# [WORK TO COMPLETE]
Please set down each of the lines below once more, exactly, omitting all pictures.

# [AVAILABLE RECORDS]
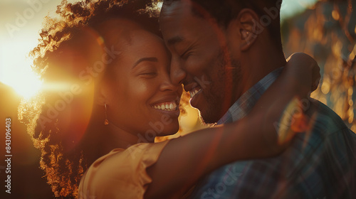 In a heartwarming close-up, a couple embraces, their faces beaming with smiles as they share a tender hug
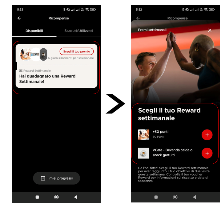 Alternativ klicke im Abschnitt 'Prämien' der Startseite der Virgin Active Italia App auf 'Meine Fortschritte prüfen' unter 'Wöchentliche Prämien' und klicke auf die verfügbare Belohnung (2)
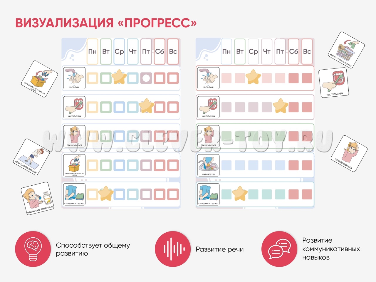 Пособие для организации обучения ребенка ежедневным рутинам: чистить зубы, собирать игрушки, собирать портфель и другие. Помогает фиксировать успешность формирования новой привычки и поддерживает мотивацию ребенка. Карточки для мальчика и для девочки.
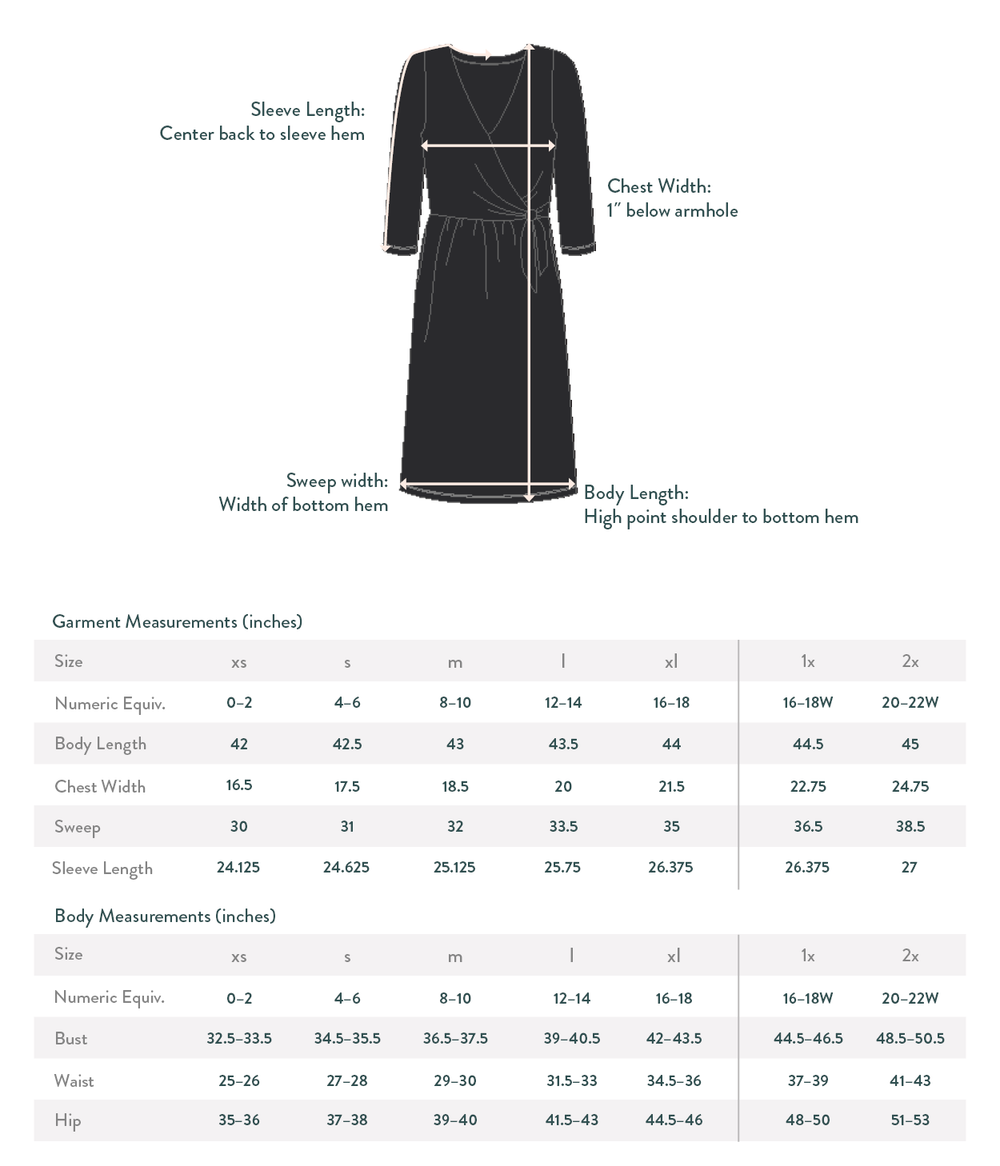 I love the richness of the pine color, soft breathable fabric, and easy elegance of this dress. I am 5’ 0” tall (measurements 35/32/38 inches). The small fit well for sleeve length and waist circumference. However the neckline plunged too low for daily activities and gapped significantly even with a slip underneath. In addition, the waist placement fell an inch or so too low on me, causing the fabric to drape in an unflattering way over my midsection. I wish this dress came in petite proportions. In lieu of that, I decided to have my dress altered to raise the waist and add a snap to the neckline.
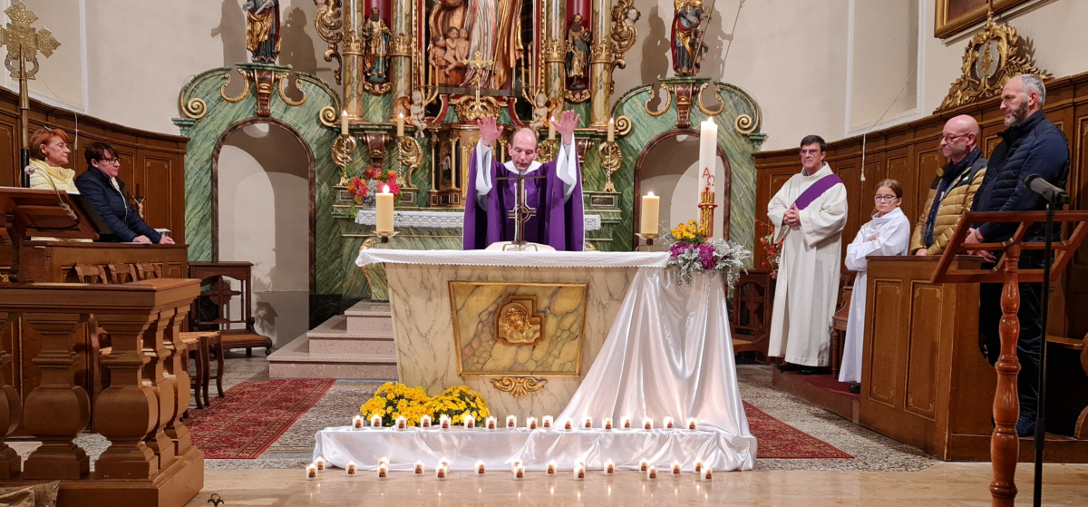 Au cours de la messe de la commémoration de tous les défunts, mercredi 2 novembre, nous nous sommes tout particulièrement souvenus de ceux de nos familles qui nous ont quittés, dans chacune des six paroisses, depuis la Toussaint de l’année dernière et pour qui une petite lumière a été allumée à celle du cierge pascal.

# [OUTPUT]
 In a heartwarming close-up, a couple embraces, their faces beaming with smiles as they share a tender hug
 Alternativ klicke im Abschnitt 'Prämien' der Startseite der Virgin Active Italia App auf 'Meine Fortschritte prüfen' unter 'Wöchentliche Prämien' und klicke auf die verfügbare Belohnung (2)
 Пособие для организации обучения ребенка ежедневным рутинам: чистить зубы, собирать игрушки, собирать портфель и другие. Помогает фиксировать успешность формирования новой привычки и поддерживает мотивацию ребенка. Карточки для мальчика и для девочки.
 I love the richness of the pine color, soft breathable fabric, and easy elegance of this dress. I am 5’ 0” tall (measurements 35/32/38 inches). The small fit well for sleeve length and waist circumference. However the neckline plunged too low for daily activities and gapped significantly even with a slip underneath. In addition, the waist placement fell an inch or so too low on me, causing the fabric to drape in an unflattering way over my midsection. I wish this dress came in petite proportions. In lieu of that, I decided to have my dress altered to raise the waist and add a snap to the neckline.
 Au cours de la messe de la commémoration de tous les défunts, mercredi 2 novembre, nous nous sommes tout particulièrement souvenus de ceux de nos familles qui nous ont quittés, dans chacune des six paroisses, depuis la Toussaint de l’année dernière et pour qui une petite lumière a été allumée à celle du cierge pascal.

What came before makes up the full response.